The Japanese yen has reportedly dropped to a 32-year low versus the US dollar as official data revealed that prices in America rose faster than anticipated.
Before reclaiming some ground, the yen dropped to 147.66 against the US dollar.
Shunichi Suzuki, the minister of finance for Japan, stated that the state will appropriately act to combat currency volatility.
Last month, Japan made an unprecedented move and spent about $20 billion to support the weakening yen.
Japan also made an intervention in the world currency market last month to assist in bolstering the declining yen.
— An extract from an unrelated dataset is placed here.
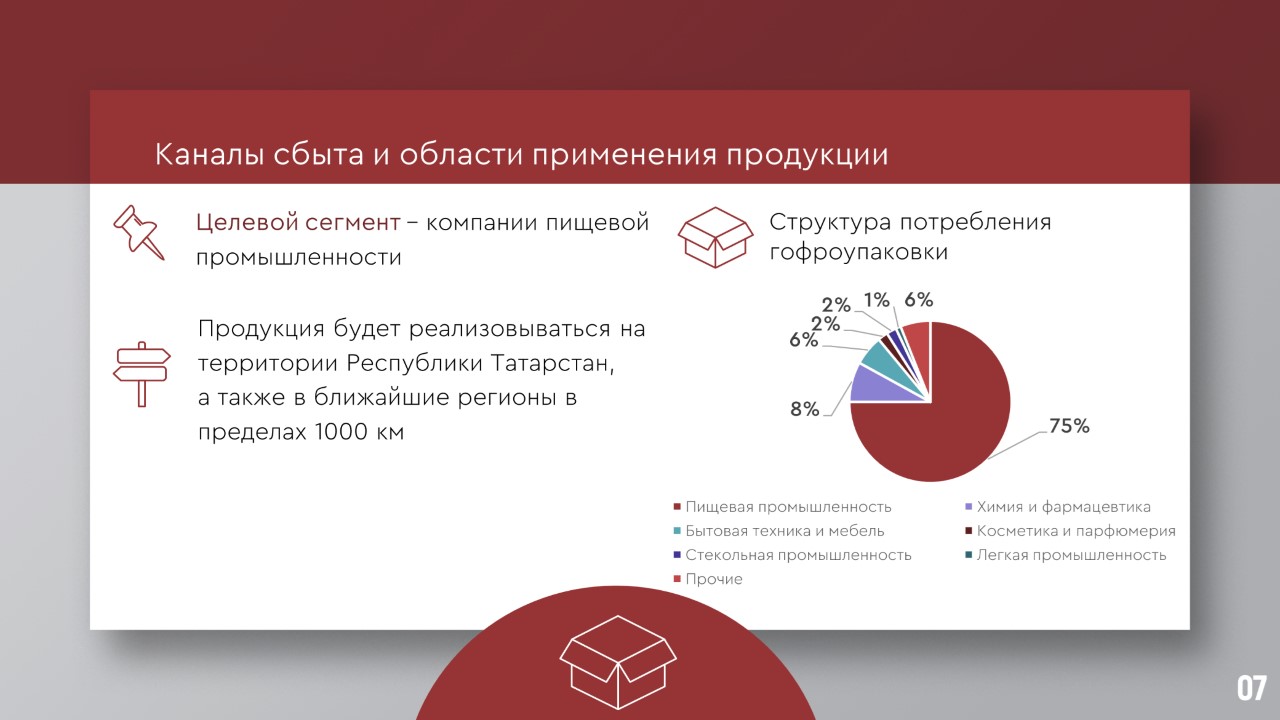 Четвертая компания, «Оском», планирует организовать производство гофрокоробов из трехслойного и пятислойного картона. Высокий спрос вызван развитием онлайн-торговли с сервисов доставки, а также развитием импортозамещения. Продукция будет реализовываться на территории Республики Татарстан, а также в ближайших регионах. «Рынок не насыщен производством, это хорошее вложение, – оценил конкурентоспособность генеральный директор компании Алексей Антонов. – На проектную мощность рассчитываем выйти в 2025 году. Оборудование позволяет делать пятислойный картон, это плотная упаковка в том числе для саморезов, он очень востребован».

After the yen dropped to a new 24-year low versus the dollar, the Japanese government intervened in the currency market for the first time since 1998.
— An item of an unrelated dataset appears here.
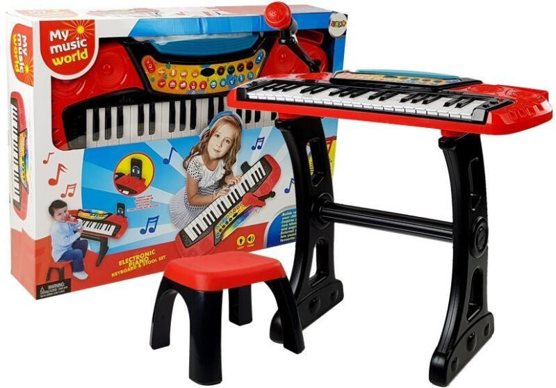 A játéknak köszönhetően gyermeke fejleszti hallását és ritmusérzékét, és talán arra inspirálja majd, hogy saját dalokat alkosson, és képes lesz kifejleszteni szenvedélyét. A készlet tartalmaz egy mikrofont tartóval, amelynek köszönhetően a gyermek egyszerre tud majd énekelni és játszani. A zongora oldalán egy fiók található egy külső MP3-lejátszó számára. Csak csatlakoztassa, és máris hallgathatja kedvenc dalait. Ez is jó indok arra, hogy karaokét vagy előadást szervezzen szerettei előtt. A tartóval ellátott mikrofon lehetővé teszi, hogy egyszerre énekeljen és játsszon. Ahhoz, hogy kényelmesen leülhessen és elkezdhesse a koncertet, a készlethez tartozik egy állvány és egy szék. A billentyűzet rendelkezik:- 37 billentyű- DEMO dalok- hangerő- és tempószabályozás- mikrofonbemenet (miniJACK bemenet)- táncritmusok típusai- 9 féle hangszerA készlet elemei:- billentyűzet- állvány-székek- mikrofonA billentyűzet mérete:55 cm x 19 cm x 4 cmMaga a mikrofon mérete:12 cm x 4 cm x 4 cmÁllvány magassága: 41 cmA szék mérete:18 cm x 14,5 cm x 18 cmA csomag mérete:57 cm x 41,5 cm x 10 cmA játék 3 évesnél idősebb gyermekek számára készült. Megfelel az EN71 szabványnak. A játék három 1,5 V-os AA elemmel működik. A legmagasabb minőségű, tanúsított anyagokból készült, és CE biztonsági tanúsítvánnyal rendelkezik.

However, analysts have warned that such actions will have little impact as far as Japan's interest rates stay far lower compared to those in the United States.
The Bank of Japan's (BOJ) significantly different strategy from the US Federal Reserve has put mounting pressure on the value of the Japanese yen in recent months.
Consumer prices in the US increased more than anticipated last month, according to official data, that was released on Thursday, indicating that the global economy's battle against inflation is far from being over.
The rate of price growth, or inflation, was 8.2% in the 12 months ending in September, dropping from 8.3% in August.
The increasing consumer price in the US is being closely monitored, as the Federal Reserve's efforts to reduce inflation are driving up the value of the currency and increasing the cost of borrowing internationally.
To offset rising prices, the American central bank has been vigorously increasing interest rates, which has increased investor interest in the dollar. The BOJ, on the other hand, kept rates extraordinarily low.
The euro and the pound are among the major foreign currencies that are being impacted by the dollar's growth in the international financial markets.